[Input data]:
┄┄┄┄┄┄

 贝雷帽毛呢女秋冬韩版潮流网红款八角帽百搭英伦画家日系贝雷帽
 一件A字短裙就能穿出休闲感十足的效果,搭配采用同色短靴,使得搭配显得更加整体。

┄┄┄┄┄┄

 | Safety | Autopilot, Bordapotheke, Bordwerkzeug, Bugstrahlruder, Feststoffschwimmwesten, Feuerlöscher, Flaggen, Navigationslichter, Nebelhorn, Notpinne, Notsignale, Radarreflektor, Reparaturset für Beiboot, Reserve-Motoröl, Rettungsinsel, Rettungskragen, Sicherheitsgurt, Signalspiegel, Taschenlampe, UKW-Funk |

┄┄┄┄┄┄

[What you have to do]: Given the records above, restate word for word only the lines starting at the one with "贝雷帽毛呢女秋冬韩版潮流网红款八角帽百搭英伦画家日系贝雷帽" and ending at the one with "一件A字短裙就能穿出休闲感十足的效果,搭配采用同色短靴,使得搭配显得更加整体。".

[Response area]:
 贝雷帽毛呢女秋冬韩版潮流网红款八角帽百搭英伦画家日系贝雷帽
 一件A字短裙就能穿出休闲感十足的效果,搭配采用同色短靴,使得搭配显得更加整体。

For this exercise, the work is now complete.